Version: 0.1.0

Graph Algorithms

Run graph algorithms directly in SQL to analyze relationships, detect communities, and measure node importance.

Overview

RaisinDB includes a set of graph algorithms based on the LDBC Graphalytics benchmark. These algorithms operate on the relationships between nodes and are accessible through standard SQL using the GRAPH_TABLE syntax.

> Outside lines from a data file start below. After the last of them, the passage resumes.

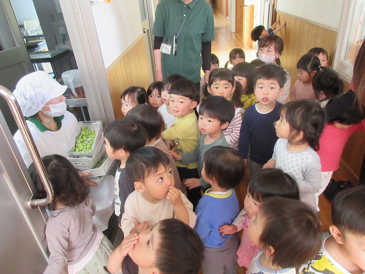 先日、「そらまめくんのあたらしいベッド」の絵本を読み、そら豆という野菜を知った子どもたち! そしてなんと表先生がそら豆を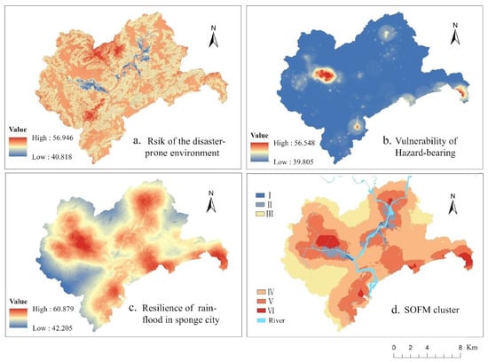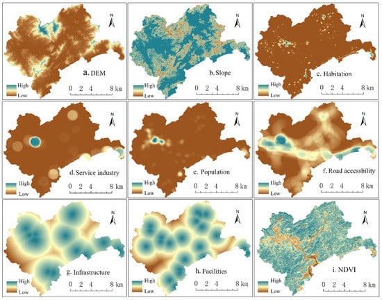 Figure 4a–c shows the following features: (1) There is a higher risk of waterlogging disasters in the northern and southwestern regions due to the higher elevation and lower risk in the region’s center where the terrain is gentle and rivers meet. (2) The central area of Ebu town is highly vulnerable because of its dense population and economic development. In addition, catering services, financial services, scientific research and education, companies, entertainment, retail, hotels, and other service industries are concentrated here. (3) The greater the road accessibility, the closer it is to infrastructure, shelters, or ecological sponges, the higher the city’s resilience to manage rain–flood hazards. The accessibility of roads shows that the main traffic routes in the region run through the east and west, followed by the north and south. Infrastructure integrity is characterized by the distance from telecommunications, medical services, substations, and communications equipment. The utilization of existing areas is represented by the distance from schools, parks, green spaces, temples, and other public shelters.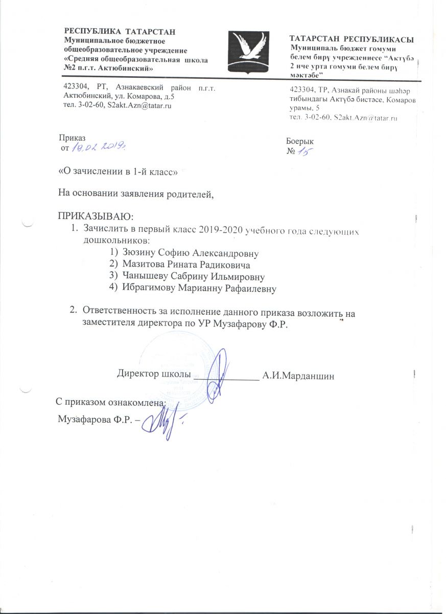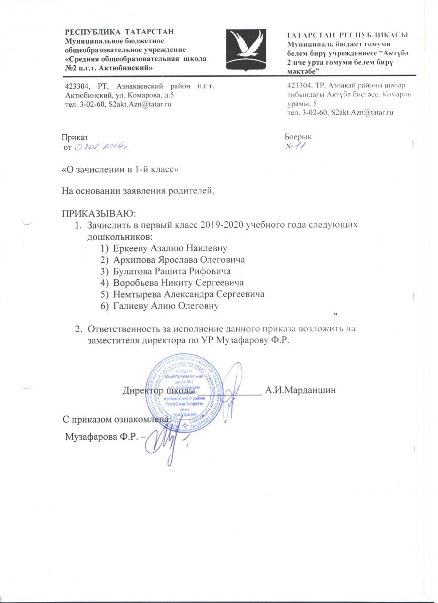 Руководствуясь приказом МОиН РФ от 22.01.2014 №32, "Об утверждении Порядка приёма граждан на обучение по образовательным программам начального общего, основного общего и среднего общего образования", информативным письмом МОиН РФ от 13.12.2016 №08-2715 «О порядке приема в общеобразовательные организации» установлен срок подачи заявления в 1 класс:для детей, проживающих по микрорайону МБОУ "СОШ №2 пгтАктюбинский" Азнакаевского муниципалього рйона РТ с 1 февраля по 30 июня 2019 года; на свободные места с 1 июля 2019 года. Информация о количестве мест в первых классах на 2019/2020 учебный год: 70 мест (3 класса)При себе иметь паспорт, копию свидетельства о рождении ребенка, справку о регистрации ребенка по месту жительства.Хөрмәтле булачак беренче сыйныф укучыларының әти-әниләре!РФ Мәгариф һәм фән министрлыгының 22.01.2014 ел, №32 боерыгы нигезендә, "башлангыч гомуми, төп гомуми һәм урта гомуми белем бирү программалары буенча белем алуга гражданнарны кабул итү тәртибен раслау турында" 13.12.2016 ел, №08-2715 боерыгы нигезендә, «гомуми белем бирү оешмаларына кабул итү тәртибе турында» 13.12.2016 ел, № 08-2715 РФ Мәгариф һәм фән министрлыгы мәгълүмати хаты белән 1 сыйныфка гариза бирү срогы билгеләнде:ТР Азнакай муниципаль районының " Актүбә ш.т.п. 2 нче урта гомуми белем бирү мәктәбе" микрорайоны буенча яшәүче балалар өчен 2019 елның 1 февраленнән 30 июненә кадәр; 2019 елның 1 июленнән ирекле урыннарга.2019/2020 уку елына беренче сыйныфларда урыннар саны турында мәгълүмат: 70 урын (3 сыйныф)Үзең белән паспорт, бала туу турында таныклык күчермәсе, яшәү урыны буенча баланы теркәү турында белешмә булырга тиеш. -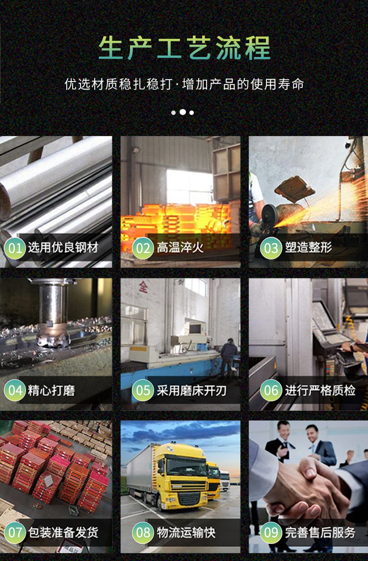 主要材質(zhì)為:9CrSi、D2、SKD-11、Cr12MoV、H13、SKH-51、W6Mo5Cr4V2、W1Cr4V等。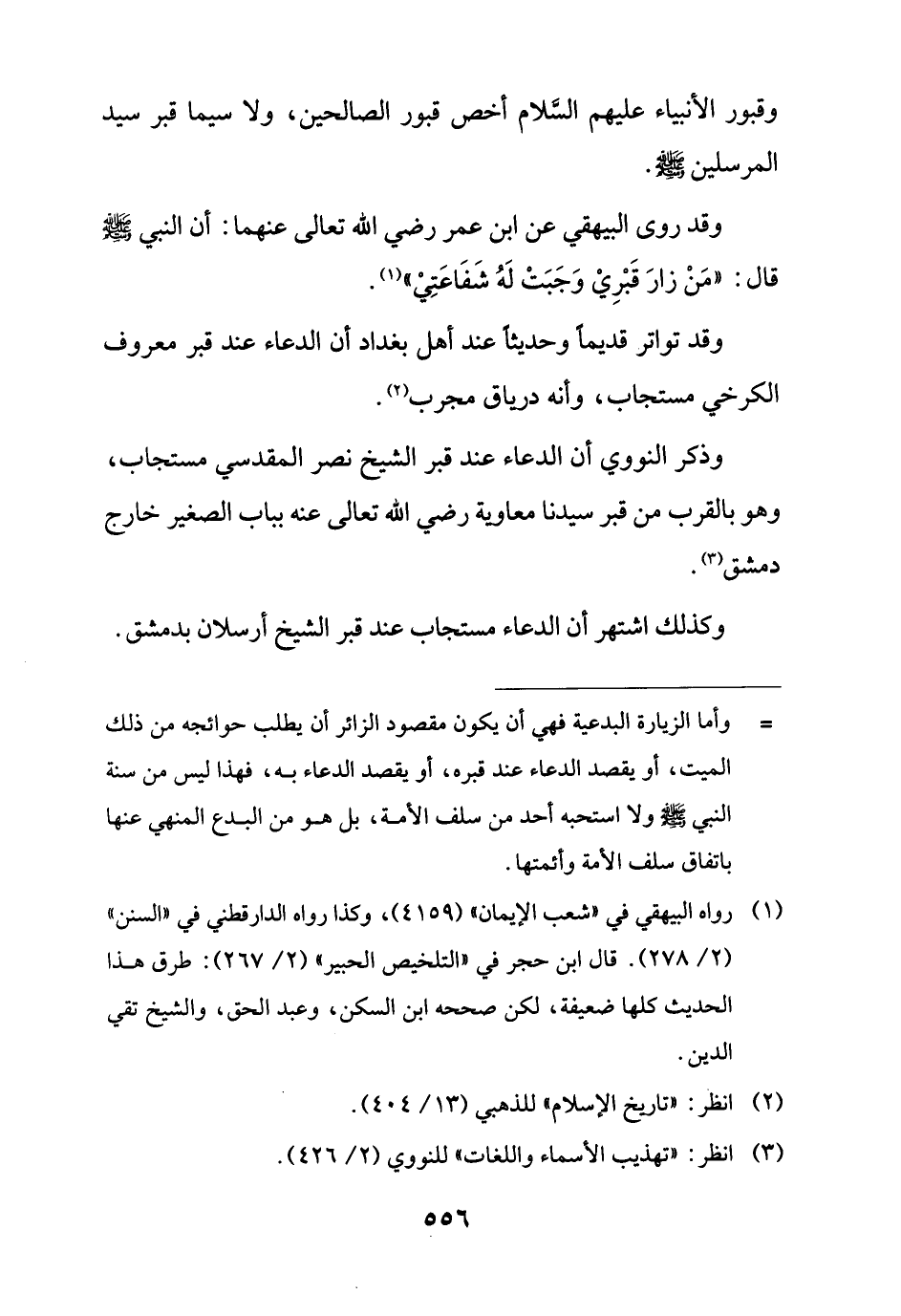 وذكر النووي أن الدعاء عند قبر الشيخ نصر المقدسي مستجاب، وهو بالقرب من قبر سيدنا معاوية رضي الله تعالى عنه بباب الصغير خارج دمشق (¬3).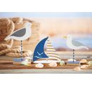 Make this sailboat an eye-catcher! By treating it with acrylic paint, Chalky Color, Napkin,Straw silk paper and maybe some glitter, this sailboat will quickly become an eye-catcher. With thin Jute ribbon or thinner Cord even those can be Linenstretched. Buttons are used to wind up the ropes on board. A fabulous decoration and a nice gift for people who love the sea!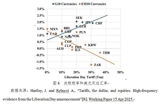从美元双边汇率来看,“对等关税”冲击下驱动美元走弱的主要原因是美元相对于G10国家货币贬值。在关税政策宣布后,几乎所有G10货币(如欧元、日元、英镑、瑞士法郎等)对美元出现1至2个百分点不等的升值幅度,反映出美元相对主要发达经济体货币普遍贬值。与此同时,美元对许多新兴市场和发展中经济体货币则表现为升值,尤其是那些汇率较为市场化的国家货币(如韩元、泰铢以及南非兰特等)相对美元普遍走弱(见图8)。美元双边汇率在发达经济体与新兴经济体之间的分化,是理解“对等关税”冲击下美元不涨反跌的关键所在。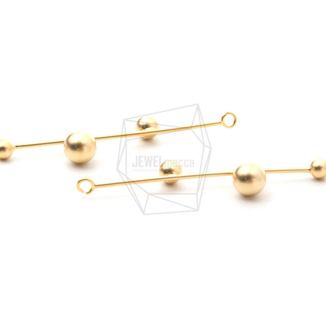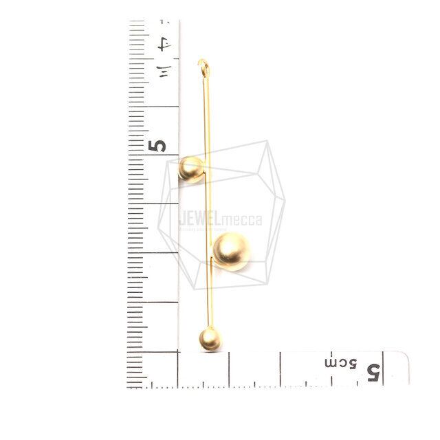 ERG-1142-MG/2PCS/Stick Bar ball Earring Charm/15mm X 60mm/Matte Gold Plated Over Brass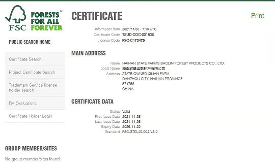 海垦宝联林产有限公司获得FSC-COC产业监管链认证证书2021年11月30日,海南农垦宝橡林产集团股份有限公司(以下简称宝橡林产集团)下属子公司海南农垦宝联林产有限公司(以下简称宝联公司)通过FSC森林体系认证,顺利...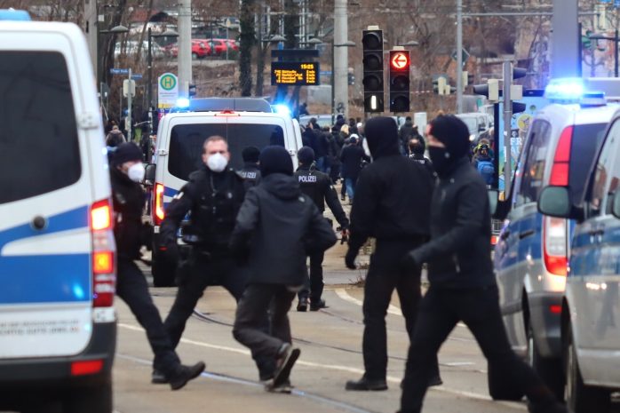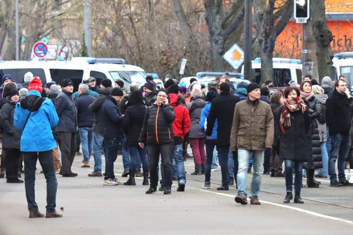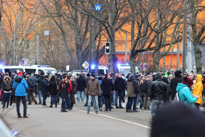 Die Beamten sind seit diesem Zeitpunkt zudem damit befasst, umherrennende Gegendemonstranten von „Leipzig nimmt Platz“ im Griff zu behalten – die Gruppen werden bis zum Ende hin strikt getrennt bleiben.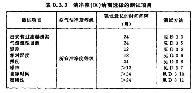 注 1 若洁净室(区)运行中已对粒子浓度、风速、静压差进行连续监测,且其测试值均符合本规范要求时,认证的测试时间间隔可延长。具体间隔时间,可与认证单位洽商。 2 空气洁净度等级认证,可在静态或动态检测,洽商确定, 3 风量测定,应采用风速计在风口或风管测定。D.2.3 电子工业洁净室(区)的认证测试,除空气洁净度等级、静压差、风速或风量测试外,还应根据需要进行表D.2.3规定的洽商选择测试项目。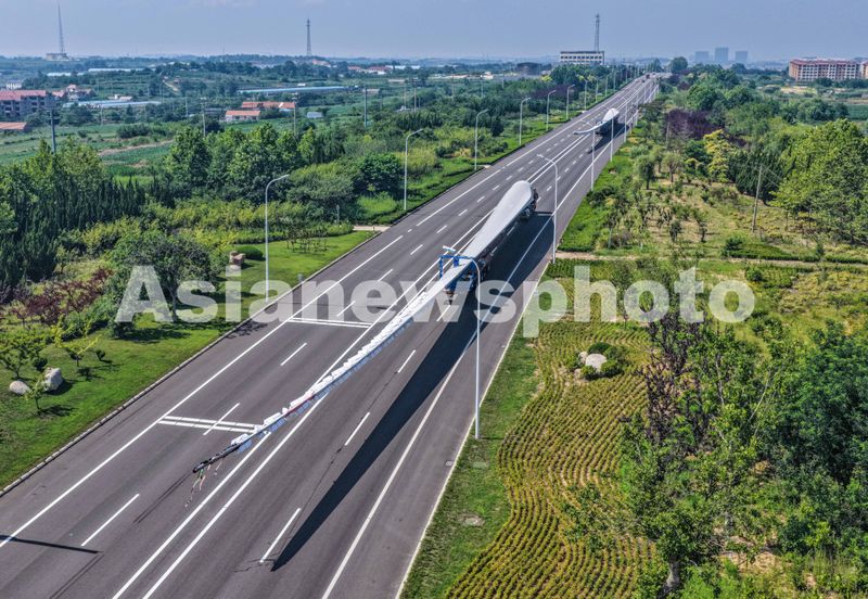 2025年7月10日,山东省荣成市石岛管理区,超大型风电叶片通过陆运发往作业区进行安装。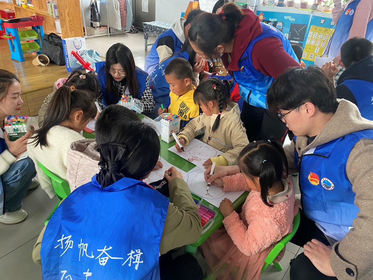 2022级硕士研究生第一团支部书记钱一卉组织世界地球日知识有奖竞答环节,小朋友们踊跃抢答,现场气氛热烈。最后,开展以我手画我心-“珍爱地球”绘画活动。各团支部团员“一对一”和小朋友们交流学习心得,一起创作绘画。一幅幅生动活泼的画作跃然纸上,稚嫩的画笔传达了小朋友们对地球美好环境的热爱。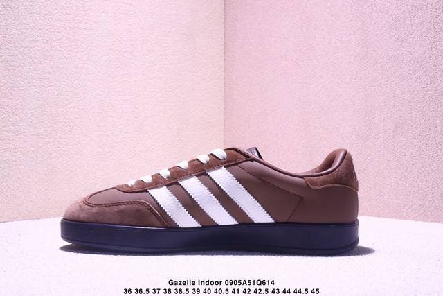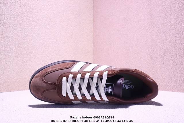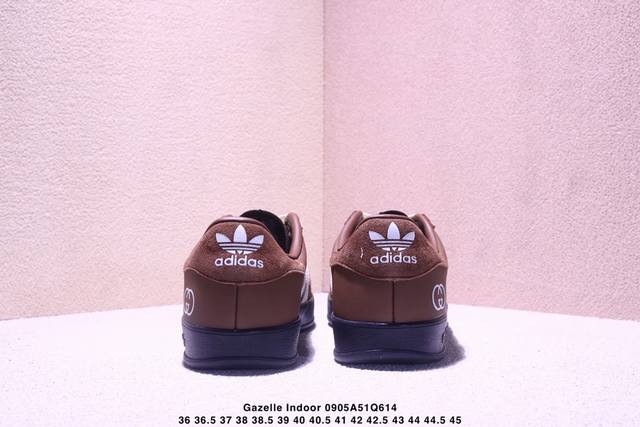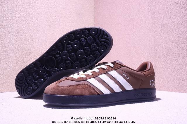 高端定制 Ad Gazelle Indoor Trainers 古驰联名---棕黑白 原厂定制长毛翻毛皮组合环保纤维革鞋面材质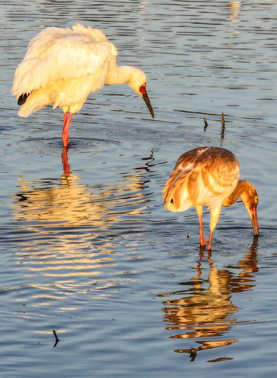 随着各类越冬候鸟在东古湖聚集,我们先后在东古湖周边发现大批黑翅长脚鹬、反嘴鹬、鹤鹬、白鹤、白骨顶鸡、凤尾雁鸭、豆雁、白琵鹭、鸬鹚、丝光椋鸟等珍稀鸟类,在凤凰乡凤凰村田野也发现数量不多的灰鹤,据初步估算,鸟类总数量应该在20000羽以上,东古湖已经成为洞庭湖区享有盛名的最佳冬季观鸟点。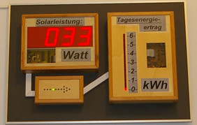Die Solaranlage unserer Schule ist nach ihrem dreijährigen Dornröschenschlaf wieder am Netz. Momentanleistung und Tagesenergieertrag kann man an der Anzeige Eingang Südseite ablesen.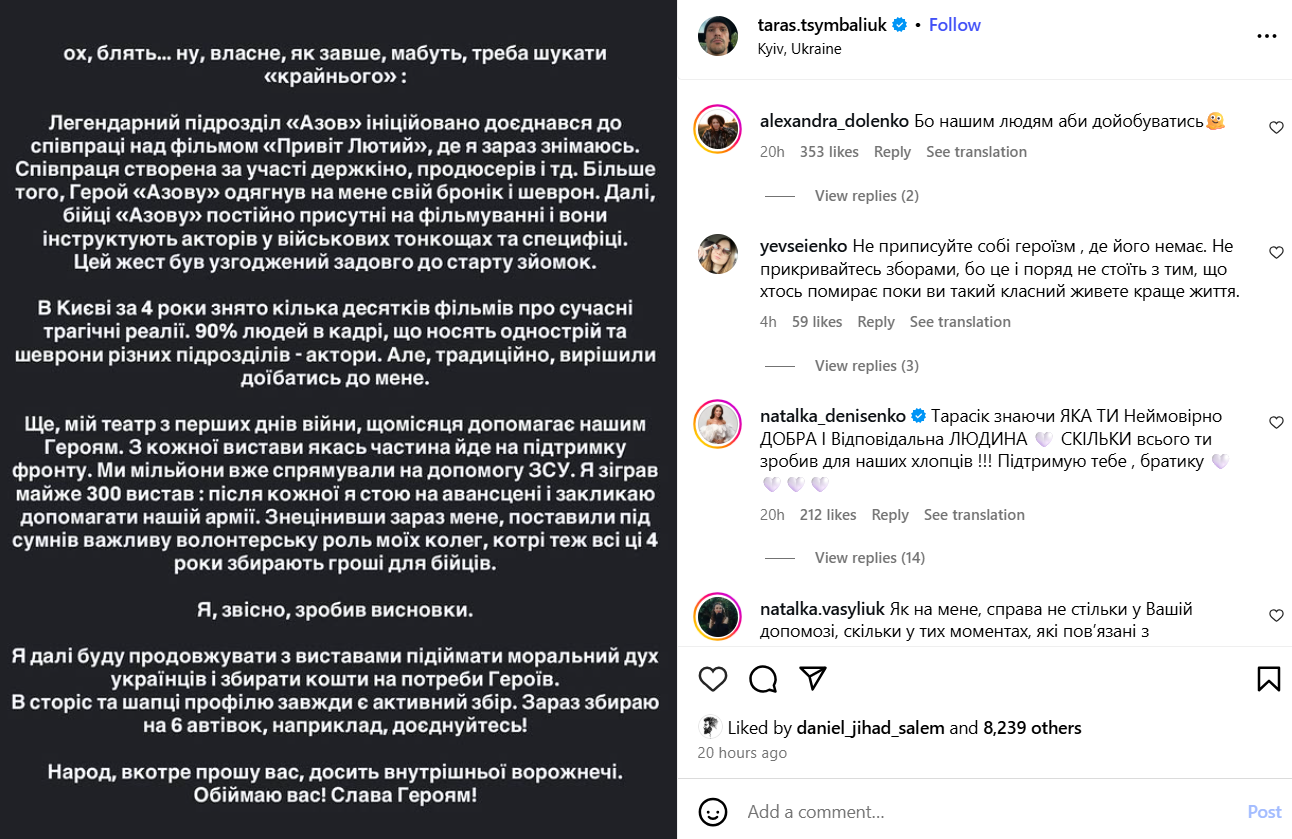 "У меня "подгорает", когда люди, мало касающиеся украинской армии, помощи военным, одевают форму и играют украинских военных. Меня от этого тошнит. Когда я увидел шеврон "Азова" на Тарасе, меня вообще вывернуло. Люди блюют за этот шеврон на базовом курсе боевой подготовки, чтобы его заслужить. Если нет, то потом доказывают свою боеспособность на боевых. И Тарас Цимбалюк со своими зашкварами с русской музыкой с подружкой Алхим", — подчеркнул актер-воин.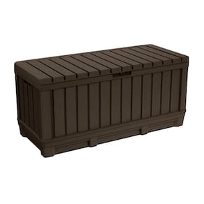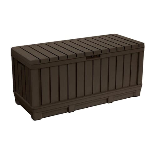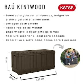 Uma incrível solução de armazenamento de ótima qualidade que também se converte em assento para dois adultos. O baú de armazenamento Kentwood lhe oferece um acabamento com aparência de madeira que complementa qualquer decoração externa. Tem capacidade total de 350L em seu interior, medindo 59 cm de altura, 53.6 cm de largura e 128 cm de comprimento, para você armazenar todos os tipos de objetos. O Baú Kentowood é uma solução ideal para manter o seu quintal organizado e arrumado, com muito espaço para coisas como almofadas de cadeiras, jogos ao ar livre e ferramentas de jardinagem. Fácil de montar, não requer o uso de ferramentas especiais, é feito de material de resina durável, resistente às intempéries e livre de manutenção por anos de uso.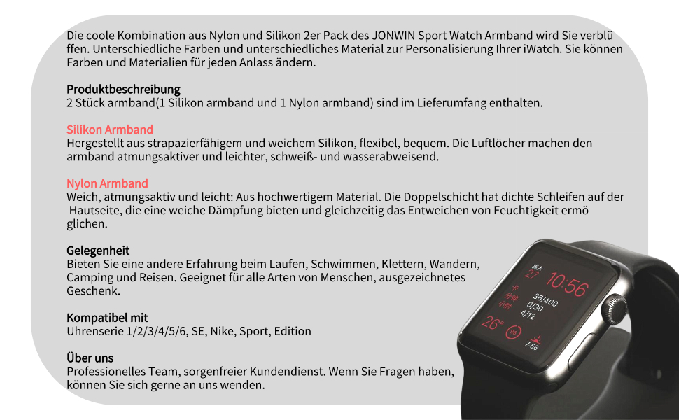 Jonwin Pack Of 2 Sports Strap Compatible With Apple Watch Strap 44 Mm 42 Mm 40 Mm 38 Mm Soft Lightweight Breathable Waterproof Nylon Silicone Strap For Iwatch Series 6 5 4 3 2 1 Se S M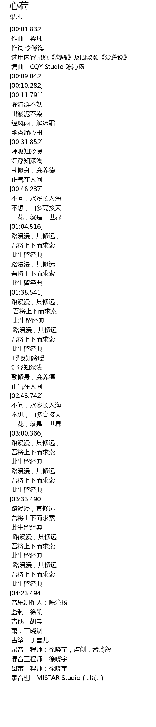 | [04:26.491] | 录音工程师:徐晓宇,卢创,孟玲毅 |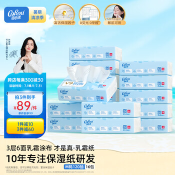 可心柔(COROU)抽纸 婴儿柔纸巾 3层M码120抽16包 保湿纸巾 云柔巾 卫生纸 整箱
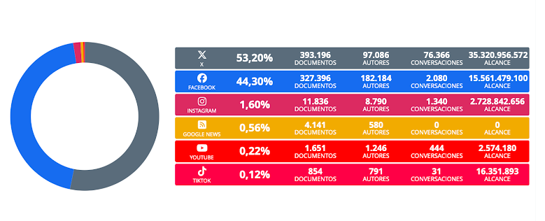 739 mil documentos analizados, con un alcance potencial de 53 mil millones de impresiones.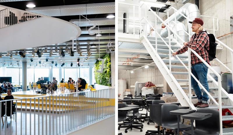 Myös talon arkkitehtuurissa on otettu huomioon opiskelijat: kampuksen tiloissa ilmastointiputket ja muu talotekniikka ovat esillä, jotta niitä on helppo havainnoida.

Use graph algorithms when you need to:

Rank nodes by importance or influence (PageRank, closeness, betweenness)
Detect communities in your data (Louvain, CDLP)
Measure connectivity between nodes (BFS, SSSP, WCC)
Analyze structure of your graph (clustering coefficient, triangle count)

Quick Start

Create some users and relationships, then run PageRank:

-- Create users
INSERT INTO 'users' (path, name, node_type) VALUES
  ('/users/alice', 'Alice', 'User'),
  ('/users/bob', 'Bob', 'User'),
  ('/users/carol', 'Carol', 'User'),
  ('/users/dave', 'Dave', 'User');

-- Add FOLLOWS relationships
RELATE '/users/bob' -> '/users/alice' AS 'FOLLOWS';
RELATE '/users/carol' -> '/users/alice' AS 'FOLLOWS';
RELATE '/users/dave' -> '/users/alice' AS 'FOLLOWS';
RELATE '/users/dave' -> '/users/bob' AS 'FOLLOWS';

-- Run PageRank to find the most influential user
SELECT * FROM GRAPH_TABLE(
  MATCH (n:User)
  COLUMNS (
    n.name AS name,
    pageRank(n) AS rank
  )
)
ORDER BY rank DESC;

Result:

name	rank
Alice	0.41
Bob	0.22
Dave	0.19
Carol	0.18

Available Algorithms

Algorithm	Function	Returns	Description
PageRank	`pageRank(n)`	Float	Importance based on incoming links
BFS	`bfs(n, source)`	Integer	Hop count from a source node
SSSP	`sssp(n, source)`	Float	Weighted shortest path distance
WCC	`wcc(n)`	Integer	Connected component ID
CDLP	`cdlp(n)`	Integer	Community label (label propagation)
LCC	`lcc(n)`	Float	Local clustering coefficient
Triangle Count	`triangle_count(n)`	Integer	Triangles the node participates in
Louvain	`louvain(n)`	Integer	Community ID (modularity-based)
Degree	`degree(n)`	Integer	Total connections
In-Degree	`in_degree(n)`	Integer	Incoming connections
Out-Degree	`out_degree(n)`	Integer	Outgoing connections
Closeness	`closeness(n)`	Float	Reachability centrality
Betweenness	`betweenness(n)`	Float	Bridge/bottleneck score
Component Count	`component_count()`	Integer	Total connected components
Community Count	`community_count()`	Integer	Total detected communities

Ad-hoc Queries

Graph algorithm functions can be used directly in any GRAPH_TABLE query. The algorithm is computed on the fly over the matched subgraph.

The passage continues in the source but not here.